Já em Banquete, assim como em A ilha dos cães, o inenarrável em si se faz tema da narração. O que não pode ser dito porque é inaudito: os tabus. Abuso, infidelidade e incesto ficam suspensos nos ecos da história de uma família que vive isolada num lugar fantasmagórico e remoto. Há muitas referências bíblicas e a questão da religião com sua tirania ideológica emerge como subtema, assim como a fuga através da literatura, presente na forma de uma grande biblioteca. Os livros e a fé nos saberes como única válvula de escape no isolamento da grande casa ruinosa que é a infância.

A relação corrompida entre pais e filhos, ou mais precisamente, entre pai e filho, emerge como tema recorrente em vários contos. Em Moby Dick, este conflito paternal é contado em retrospectiva, anos mais tarde, e a impotência diante dos fracassos afetivos é intensificada pela sombra da velhice, que se impõe como declínio físico e mental.

Redução da densidade óssea e da massa muscular.

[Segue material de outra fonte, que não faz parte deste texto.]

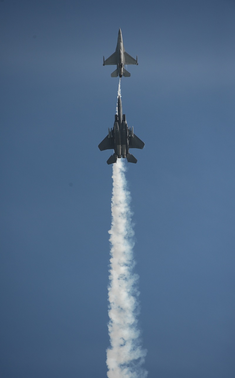2012年1月27日上午,新加坡空軍F-15SG戰機與F-16C戰機演練“咬尾飛行”。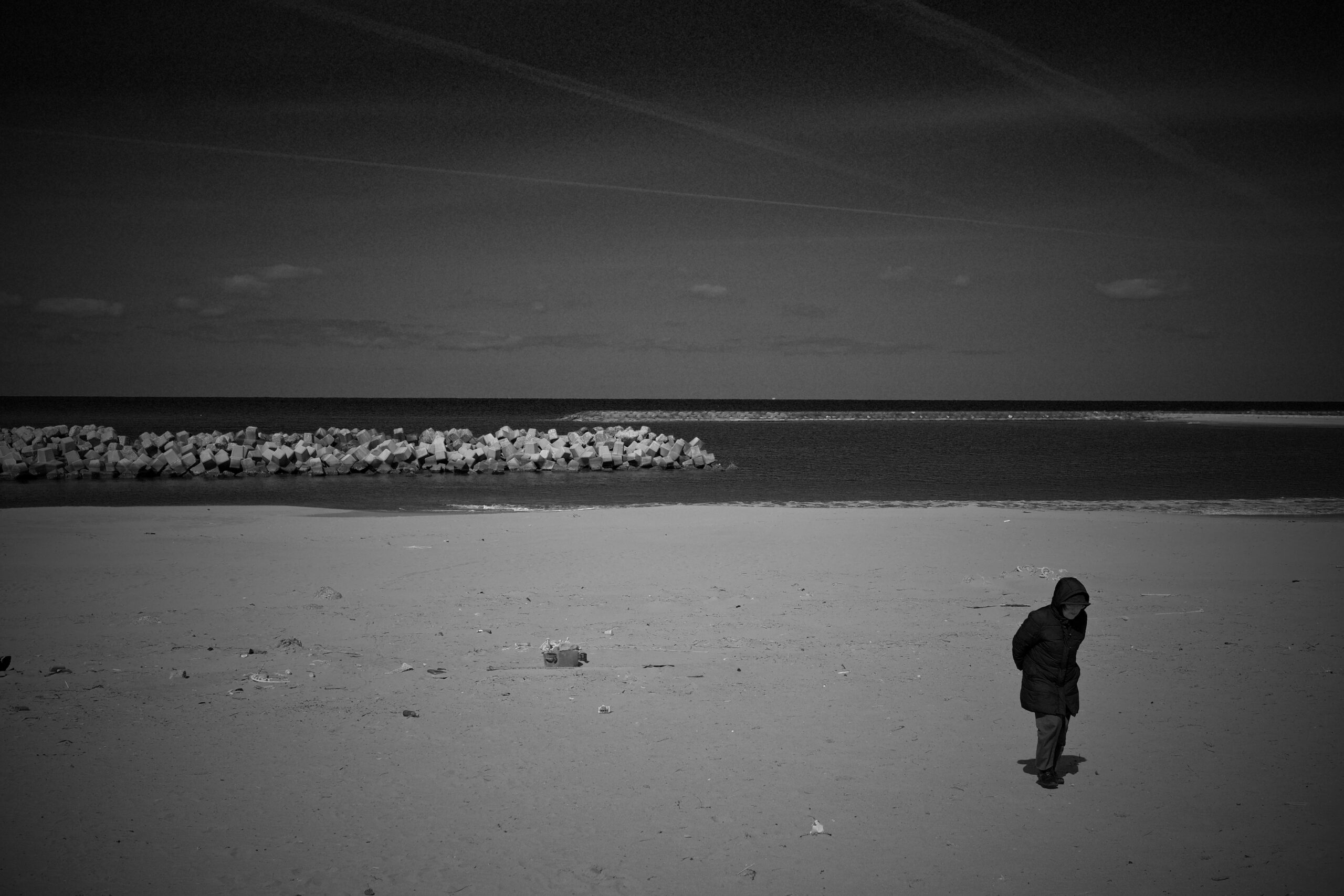 春陽が降り注ぐ新潟西海岸と言いたいが、昨日に続いてとんでもなく寒い。頭蓋骨が冷たくなる感覚。来ちゃったの間違いだったかな・・・と海岸出入り口で躊躇してたら、年増の婆さんが一人波打ち際に佇んでいた。もしや?・・・固唾を呑んで一挙一動を見守る。違ったようだ。背後にボクの存在を感じたかは定かでないが、おもむろに踵を返し、此方に向かって歩き出した。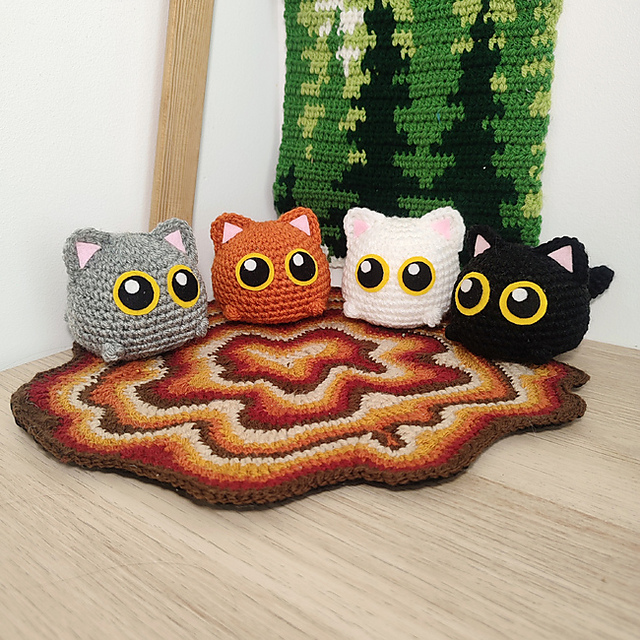 I made mine using size 4 yarn with a 3,5mm crochet hook, and the plush is 8cm tall and wide !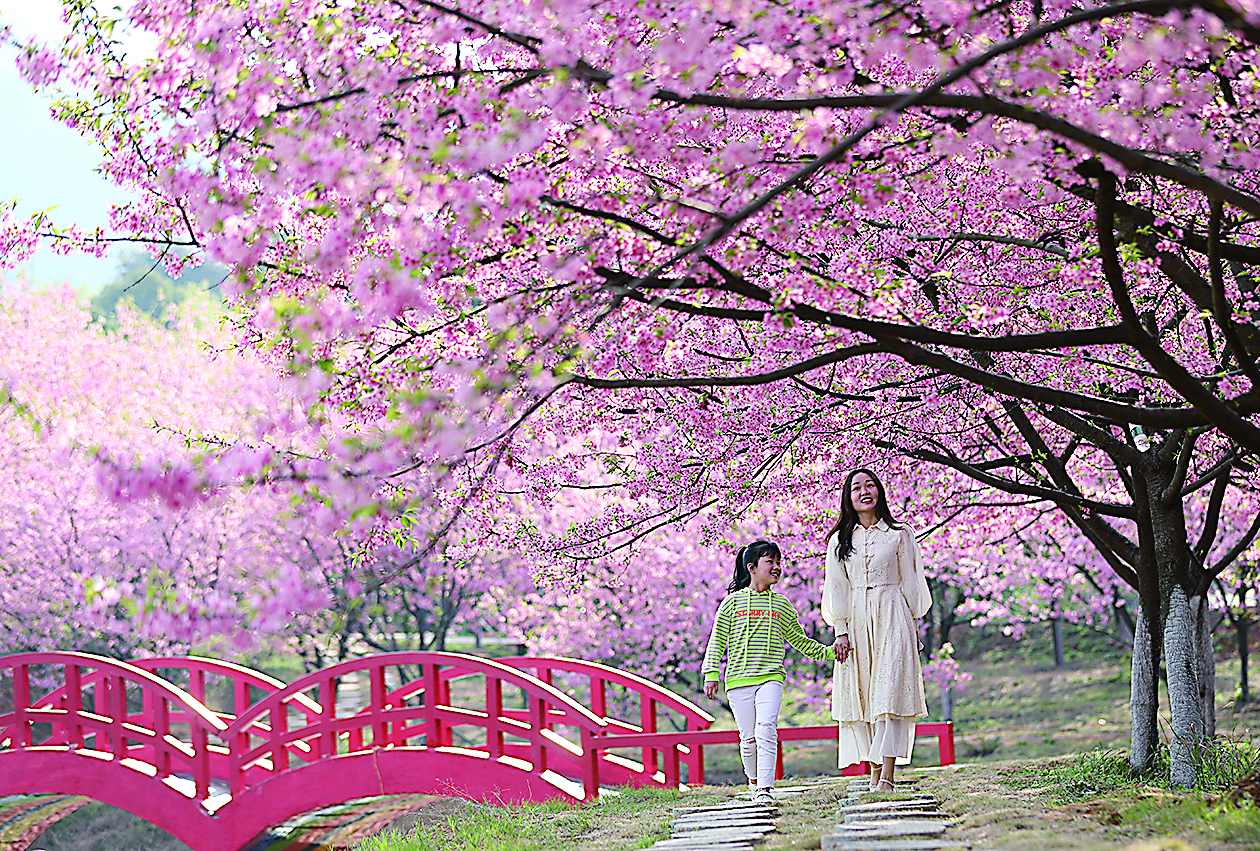 3月12日,市民在常宁市罗桥镇樱花园里赏花。 三月春暖,万物复苏,湖南省常宁市罗桥镇樱花园里的3000多亩樱花竞相绽放,吸引游客前来踏青赏花,乐享春光。 新华社记者 赵众志 摄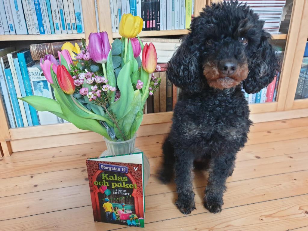 Och ja, som ni ser fick skrivarhunden Malia vara med även när Kalas och paket skulle fotas. Hon ligger oftast i mitt knä när jag skriver, så det är inte mer än rätt att hon får vara med på bild när boken är klar …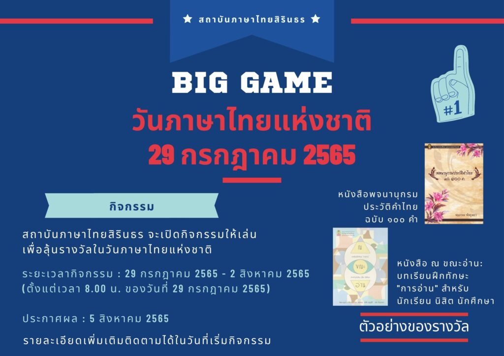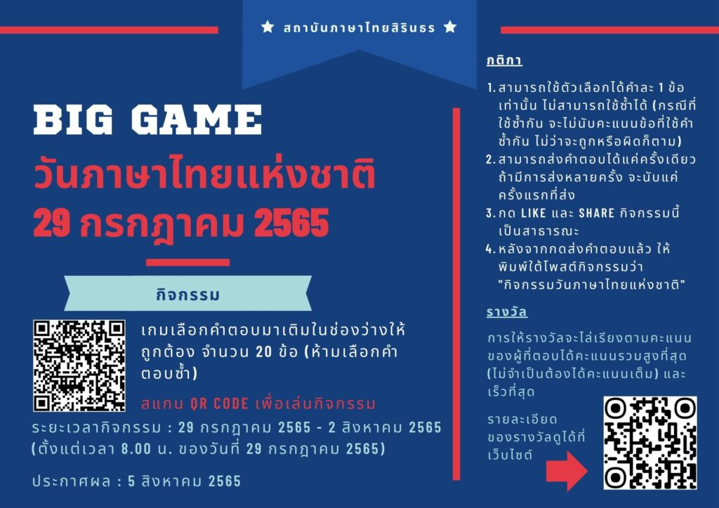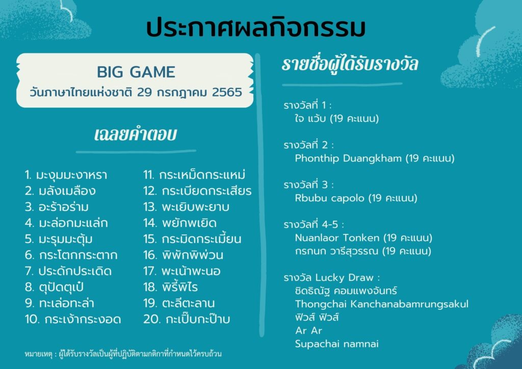 ประกาศผลกิจกรรม “BIG GAME วันภาษาไทยแห่งชาติ 29 กรกฎาคม 2565”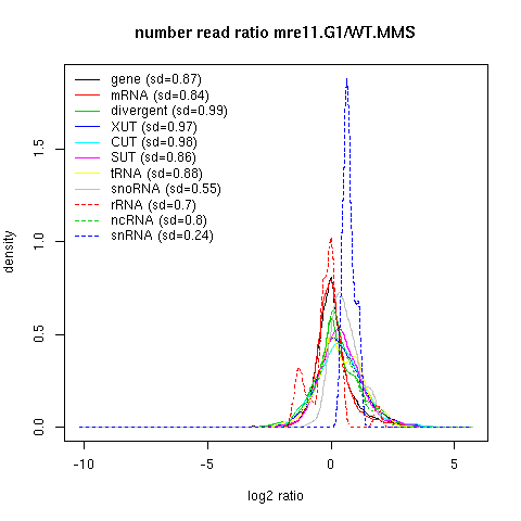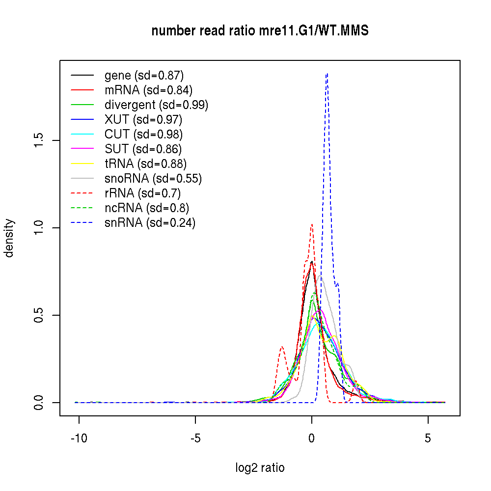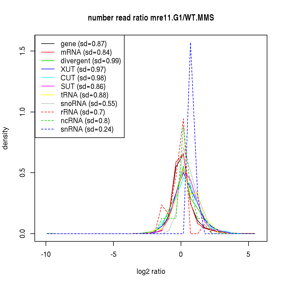 Density plot read ratio by type -

Redução das atividades hormonais. Redução da resistência imunológica sistêmica. Tudo isso é envelhecer.

O protagonista tenta fugir da deterioração por meio de uma ligação amorosa com uma mulher muito mais jovem e se vê obcecado pela ideia do rejuvenescimento. Começa a correr (do tempo?) e leva o treino a um tal extremo — sem atentar para os sinais do próprio corpo — que acaba tendo um infarto. Aqui, como nos mitos gregos, a fuga do destino leva ao encontro deste.

Nada aqui é contado abertamente, tudo é somente insinuado e cabe ao leitor atento a paciência e a meticulosidade de revelar os negativos dessa narrativa em câmara escura.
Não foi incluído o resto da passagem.